The title of Woody Allen’s latest film translates as “a lucky break,” and that’s an apt enough way to characterize his ability to line up a team of French producers to help him finance this, his 50th feature film. There have been reports in Variety and elsewhere about urban cinephiles setting up clandestine, invitation-only screenings of the film in the basements of bars, presumably a kind of protest against a “cancel culture” that prevents Allen’s films from getting the treatment these fans think they deserve. Well, they needn’t have bothered. Not only is Coup de Chance receiving an actual American release (courtesy of MPI Media Group), but there is very little apart from the French language that sets Coup de Chance apart from a number of much better Allen productions.
In fact, this film is such a shameless rehash that it’s fair to wonder whether it was actually an old script, or even a previous draft of Match Point, the film it most closely resembles. But Allen aficionados will also detect thundering echoes of Crimes and Misdemeanors, and even a soupçon of Cassandra’s Dream. And while the Parisian setting might suggest that Allen has taken a logical next step from the European tourism of Midnight in Paris, Vicky Cristina Barcelona, and (ugh) To Rome with Love, there’s actually very little in this film that could not have just as easily transpired on the streets of New York, assuming he could avoid being pelted with garbage.
Stop me if you’ve heard this one before: Fanny (Lou de Laâge) is a young gallery worker married to Jean (Melvil Poupaud), an affable but mysterious millionaire. (When asked about his job, he simply says: “I help make rich people richer.”) The marriage is reasonably happy, even though Fanny feels a bit like Jean’s “trophy wife” (an expression that the French speakers use in English, as a kind of derogatory loaner word). By chance, Fanny runs into an old college friend, Alain (Niels Schneider), who doesn’t hold back, explaining that he’s always harbored a massive crush on Fanny. Before long, they have started having an affair, something Jean figures out rather quickly. (Fanny is a lousy liar.) And so, this shady rich guy makes some calls, taking matters into his own hands.
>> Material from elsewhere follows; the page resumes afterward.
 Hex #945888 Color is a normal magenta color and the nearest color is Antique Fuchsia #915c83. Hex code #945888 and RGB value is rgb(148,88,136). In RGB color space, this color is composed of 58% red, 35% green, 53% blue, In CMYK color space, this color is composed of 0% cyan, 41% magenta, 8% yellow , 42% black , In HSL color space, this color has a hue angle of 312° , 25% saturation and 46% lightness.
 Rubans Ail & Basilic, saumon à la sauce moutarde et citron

Watching Coup de Chance, it’s hard to remember that Woody Allen was once a skilled filmmaker. So much of the dialogue consists of clunky exposition. Alain, for example, continually announces that he is a writer, and at a party, Jean’s friends have a “casual” discussion about the unsolved death of Jean’s old business partner. At other moments, actors simply recite bourgeois cliches (“good help is so hard to find”) or speak like they learned to talk by watching film noir (“that ‘problem’ has been taken care of”). In its overall structure and its moment-to-moment articulation, Coup de Chance is lifeless and rote, the product of an auteur on autopilot. Where Crimes and Misdemeanors conveyed its themes through intricacies of plot and character, Coup de Chance has Jean announce Allen’s subtext with the subtlety of a trumpeting elephant: “I don’t believe in chance. I make my own luck.”
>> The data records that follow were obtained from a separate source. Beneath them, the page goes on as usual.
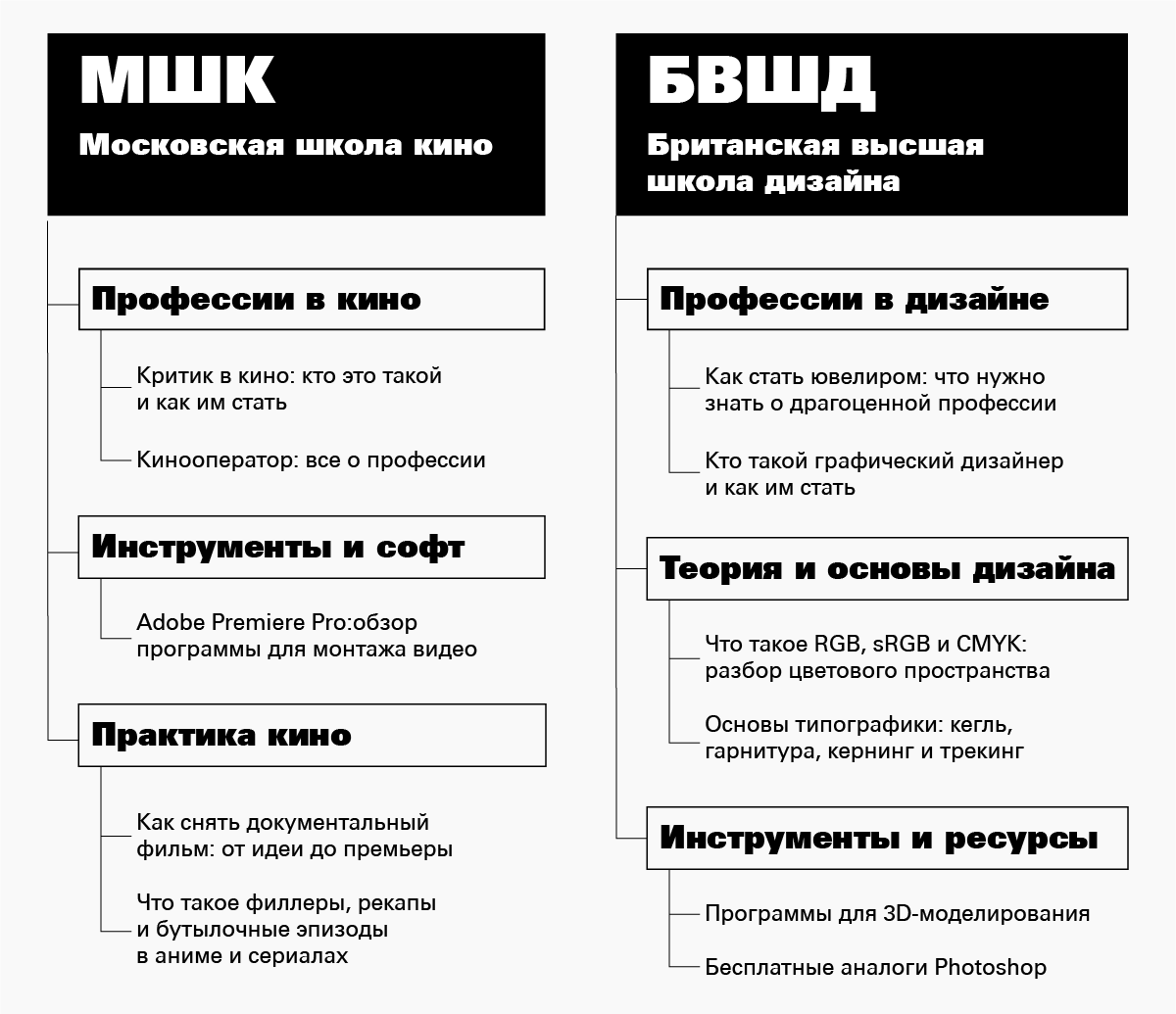 Материалы готовили вместе с преподавателями и методистами Университета — это добавляло пользы, но согласование занимало больше времени из-за занятости экспертов. Для сайта Британской школы дизайна подобрали более 130 тем, опубликовали 50 статей с участием спикеров. Для сайта МШК подобрали 42 темы, составили 22 ТЗ, написали и опубликовали 5 статей.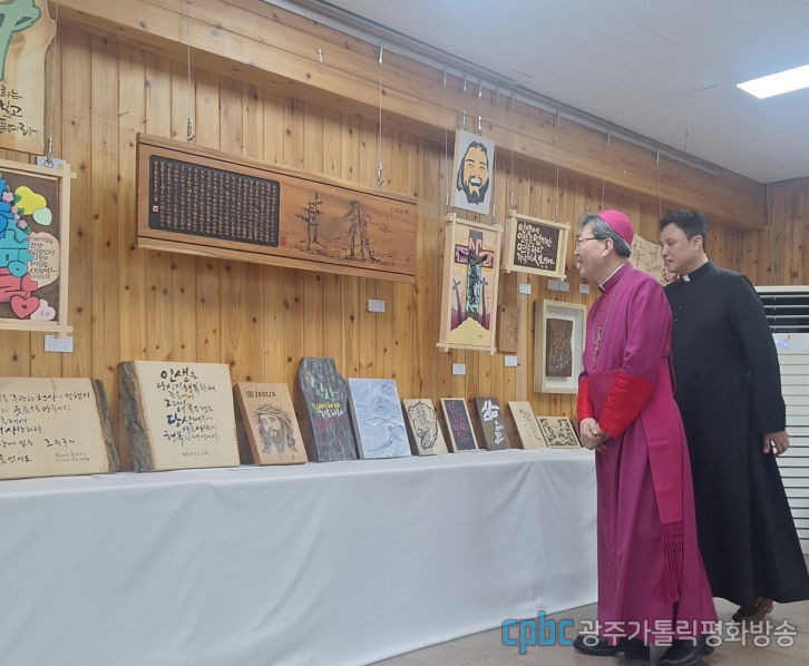 광양본당 설립 50주년을 기념해 지난 25일까지 열린 ‘작은 전시회’를 옥현진 대주교가 성종명 주임신부와 함께 둘러보고 있다.<사진제공=광양본당>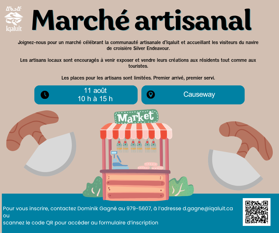 La Ville d’Iqaluit invite avec plaisir les artisans et les entrepreneurs de la région à participer à un marché d’un jour au quai, le lundi 11 août, de 11 h à 15 h.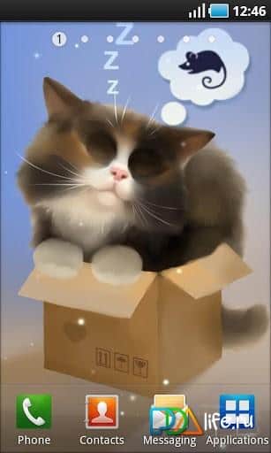 Kedi Kutuda - Yin The Black Cat ve Yin The Cat geliştiricilerinden Android akıllı telefon/tabletiniz için çekici canlı duvar kağıtları. Bu sefer Apofiss şirketi, kutunun içinde oturan tüylü bir kedi ile sizi mutlu edecek. Tüylü kedi, dokunuşunuza tepki verecek, mırıldanacak, bulut içinde düşüncelerini ifade edecek ve daha fazlasını yapacak.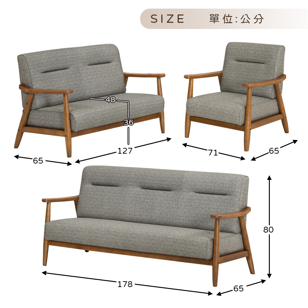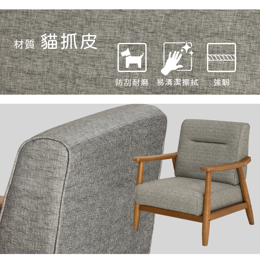 ◆耐刮、耐磨的貓抓皮材質◆實木材質框架,穩固耐用◆大小茶几含玻璃,易清理◆厚實舒適的泡棉坐墊◆免組裝,專人配送定位整體配件:單人座 + 雙人座 + 三人座+大茶几+小茶几尺寸: 單人座 - 寬 71 x 深 65 x 高 80 cm 雙人座 - 寬 127 x 深 65 x 高 80 cm 三人座 - 寬 178 x 深 65 x 高 80 cm 大茶几 - 寬 120 x 深 60 x 高 47 cm 小茶几 - 寬 60 x 深 60 x 高 55 cm材質:貓抓皮、實木、高密度泡棉、玻璃顏色:鐵灰色產地:越南誤差值:因人工丈量,尺寸±5%內為正常範圍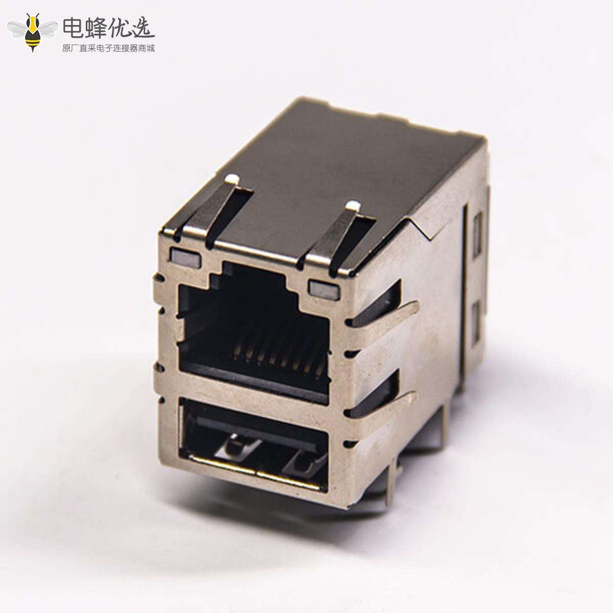 RJ45+Single USB,8P8C,2端口,2*1,弯式90°,触头镀金,插孔,PCB板安装,带屏蔽,带灯,带滤波,带弹片;

Does this foreshadow an unexpected intervention of fate, Jean’s best laid plans foiled by random, unforeseen events? That won’t be spoiled here, but what can be said is that Coup de Chance’s only signal that Allen’s sensibility has progressed has to do with the soundtrack selections. The Woodman has apparently discovered mid-’60s jazz fusion, and at three points in the film he plays Herbie Hancock’s 1964 jam “Cantaloupe Island.” Those of us who’ve been awake for the last 50 years will recognize it as the track that jazz/hip-hop collective Us3 sampled for their 1993 hit “Cantaloop.” There’s temptation to remark that Woody Allen is probably unaware of hip-hop of any kind, but he’s actually probably smarter than that, at least on an unconscious level. He’s chosen the perfect track to signify the loop he’s been stuck in for nearly 25 years.
DIRECTOR: Woody Allen; CAST: Lou de Laâge, Melvil Poupaud, Niels Schneider, Valérie Lemercier; DISTRIBUTOR: MPI International; IN THEATERS: April 5; RUNTIME: 1 hr. 36 min.